Records from a data collection:
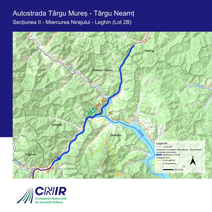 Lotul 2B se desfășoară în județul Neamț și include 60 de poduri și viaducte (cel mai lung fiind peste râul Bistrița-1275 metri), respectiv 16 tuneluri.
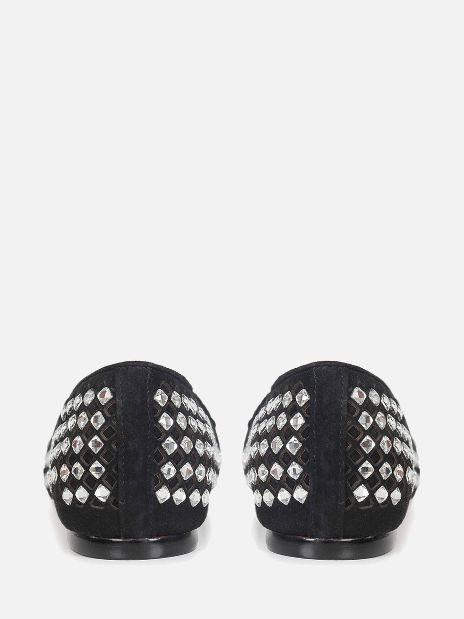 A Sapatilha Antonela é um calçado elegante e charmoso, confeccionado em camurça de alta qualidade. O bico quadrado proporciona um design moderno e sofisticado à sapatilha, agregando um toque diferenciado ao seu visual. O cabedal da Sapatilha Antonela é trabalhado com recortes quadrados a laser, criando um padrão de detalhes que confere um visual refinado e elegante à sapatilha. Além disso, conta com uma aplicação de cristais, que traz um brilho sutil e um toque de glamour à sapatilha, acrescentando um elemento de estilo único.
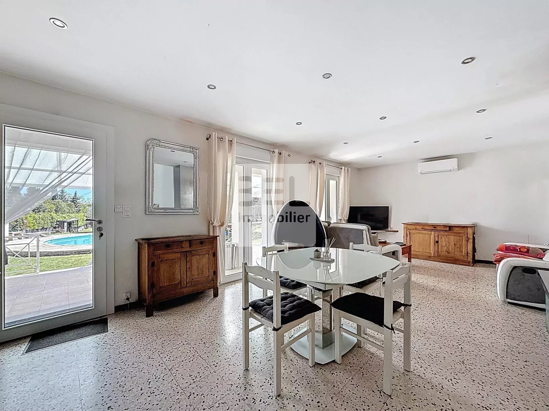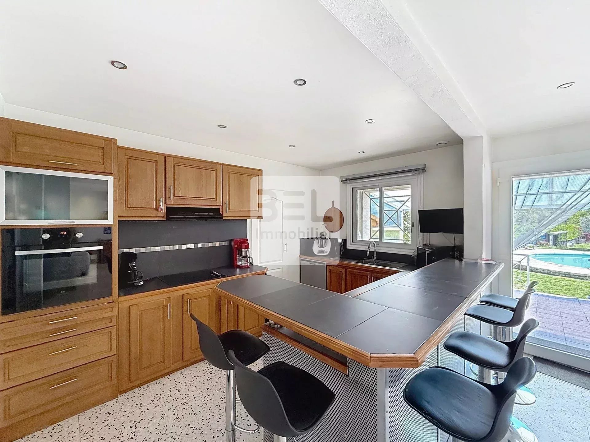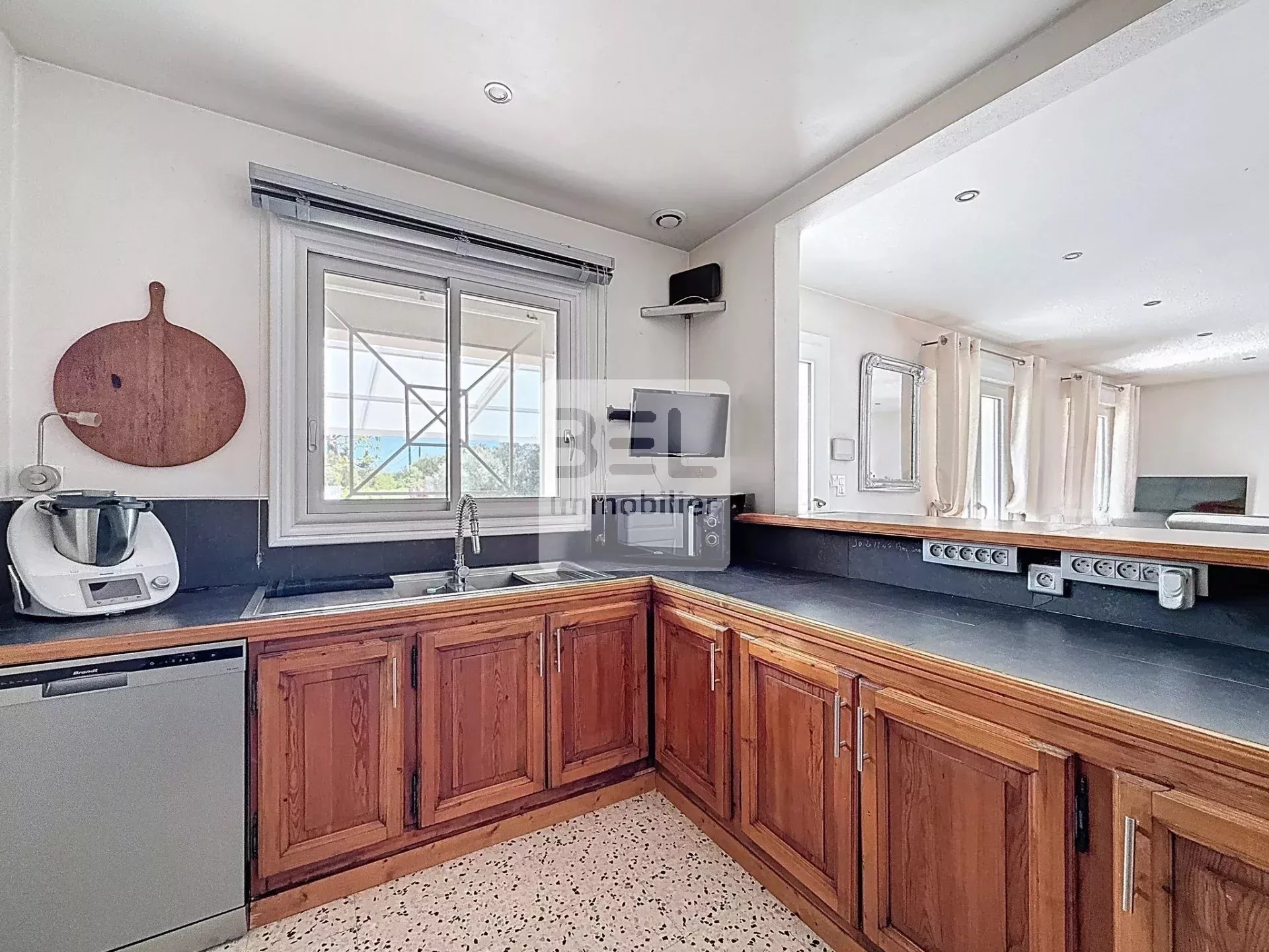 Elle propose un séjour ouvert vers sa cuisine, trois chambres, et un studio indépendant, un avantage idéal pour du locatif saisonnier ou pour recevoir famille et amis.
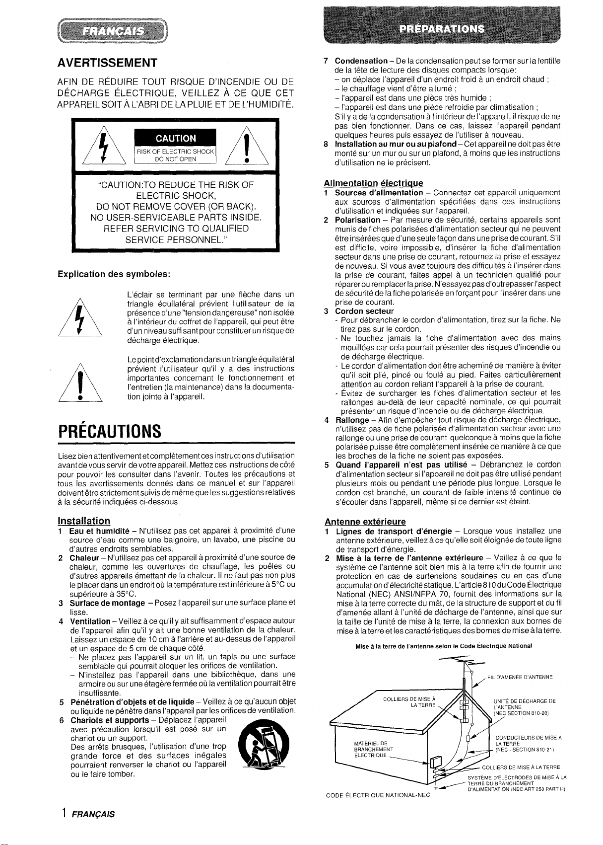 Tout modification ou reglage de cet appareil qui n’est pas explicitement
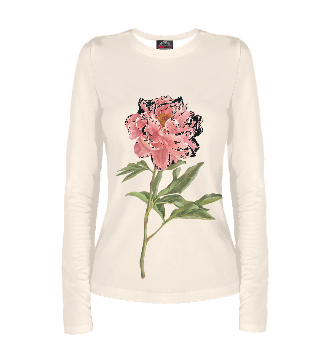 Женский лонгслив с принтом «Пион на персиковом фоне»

Task to carry out:
The line with "A Sapatilha Antonela é um" marks the end: restate word for word every line from the top of the data through that one, omitting pictures.

Response to the task:
 Lotul 2B se desfășoară în județul Neamț și include 60 de poduri și viaducte (cel mai lung fiind peste râul Bistrița-1275 metri), respectiv 16 tuneluri.
 A Sapatilha Antonela é um calçado elegante e charmoso, confeccionado em camurça de alta qualidade. O bico quadrado proporciona um design moderno e sofisticado à sapatilha, agregando um toque diferenciado ao seu visual. O cabedal da Sapatilha Antonela é trabalhado com recortes quadrados a laser, criando um padrão de detalhes que confere um visual refinado e elegante à sapatilha. Além disso, conta com uma aplicação de cristais, que traz um brilho sutil e um toque de glamour à sapatilha, acrescentando um elemento de estilo único.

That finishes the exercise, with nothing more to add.